**Material provided:**
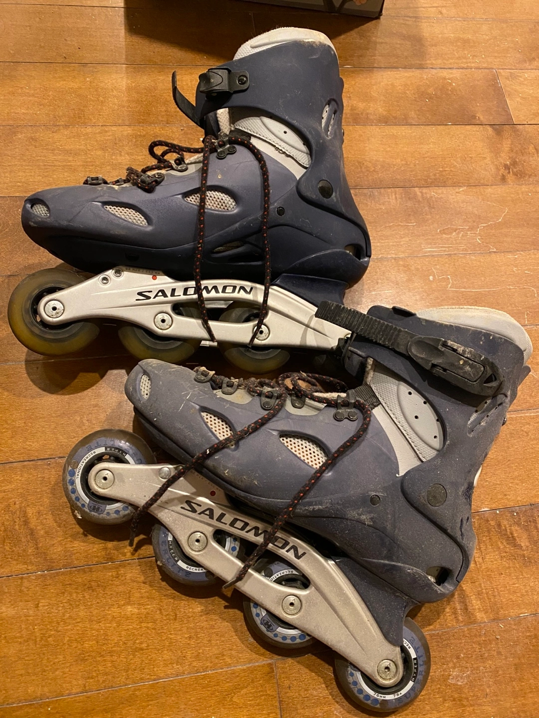 53Used Salomon inline skates. Good condition. Adjustable closures. Four wheels per skate. Ready to roll!
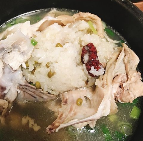 닭의 배를 가르면.. 녹두 찹쌀죽이 가~~득 !!
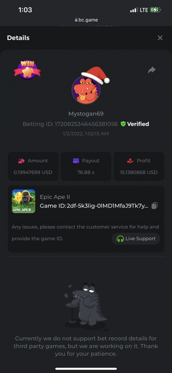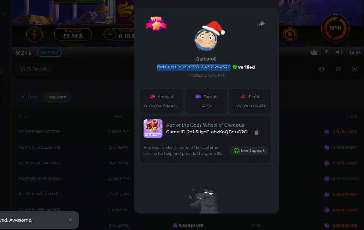 Event Team Niobium Posted January 10, 2022 Author Event Team Share Posted January 10, 2022 Congratulations to the winners and well done to everyone who participated in the Top Tier Playtech Battle. We had 25 valid entries, and all prizes have now been distributed! Check out the detailed ranking below Ranking 1st $500 - Hoya_ 2nd $250 - Sleepiez 3rd$150 - Elpresidente 4th $100 - CivicMe 5th $50 - BARBAT0S 6th $50 - Erifyli 7th $50 - Mystogan69 8th $50 - Mbp19xx 9th $50 - Elsabe 10th $50 - Cryptoprem 11th $33.33 - luckypankaj 12th $33.33 - MaksatMe 13th $33.33 - Yhum 14th $33.33 - W0NGA 15th $33.33 - stomps 16th $33.33 - BitsCheerful 17th $33.33 - selena42 18th $33.33 - Флинт 19th $33.33 - Satoshimaker 20th $33.33 - DFdubG 21th $33.33 - Monstrous Eberto 22th $33.33 - Almaryoww 23th $33.33 - stopmuna 24th $33.33 - Kristalina 25th $33.33 - Mkulet 200x multiplier - Bounty winners! - $200 Prize pool 7 players completed the extra bounty, $28.57 each for each. $28.57 - Hoya_ $28.57 - Sleepiez $28.57 - CivicMe $28.57 - BARBAT0S $28.57 - Erifyli $28.57 - luckypankaj $28.57 - W0NGA Don't miss our upcoming weekly challenges. Check out all our available events here. Link to comment Share on other sites More sharing options...
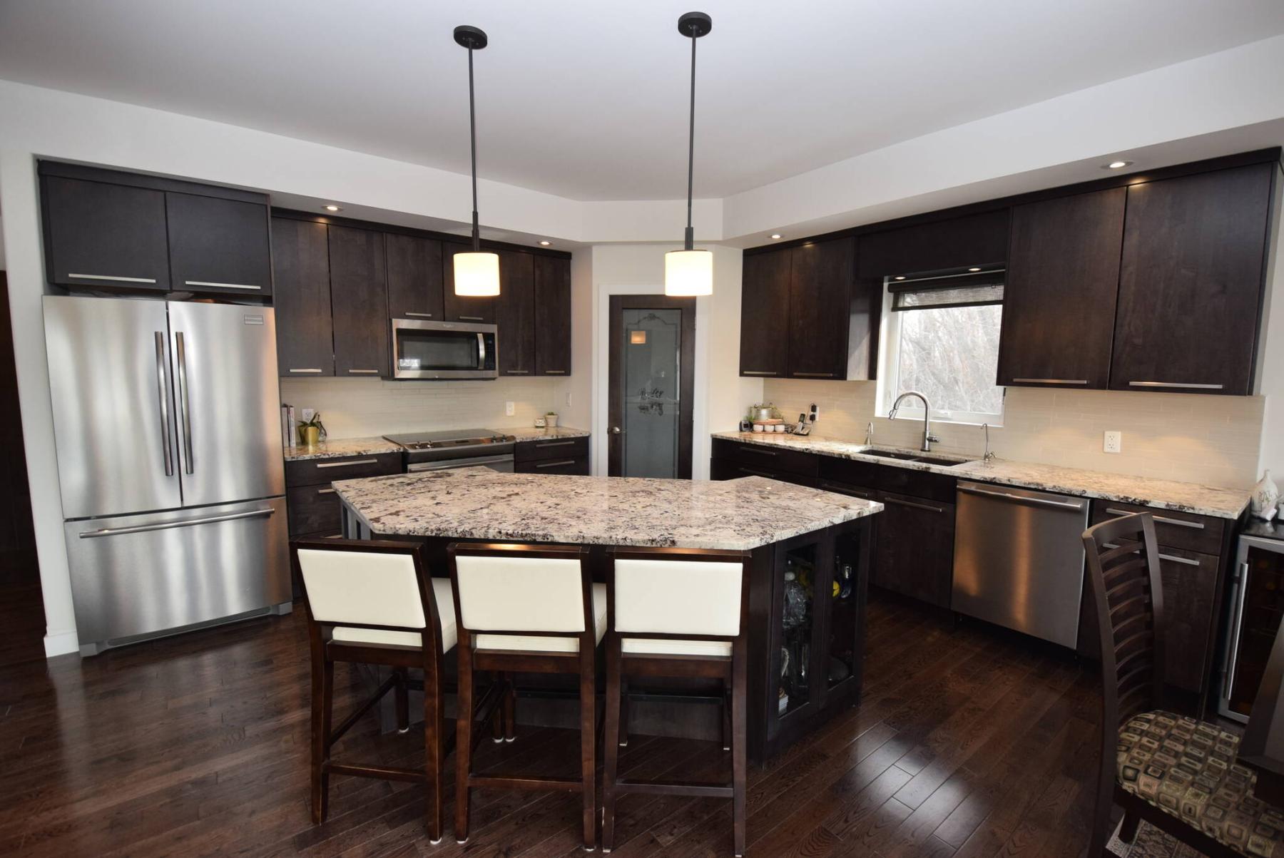“It’s a wonderful, user-friendly space that comes with a huge walk-in pantry, lots of maple cabinets, a granite island and countertops, Frigidaire Professional stainless appliances, and pendant and pot lights. The area is laid out perfectly for entertaining.”

**Work task:**
Write out again, exactly, only the lines from the beginning of the material above to the line that holds "닭의 배를 가르면.. 녹두 찹쌀죽이 가~~득 !!", both ends included, and no pictures.

**Exercise response:**
 53Used Salomon inline skates. Good condition. Adjustable closures. Four wheels per skate. Ready to roll!
 닭의 배를 가르면.. 녹두 찹쌀죽이 가~~득 !!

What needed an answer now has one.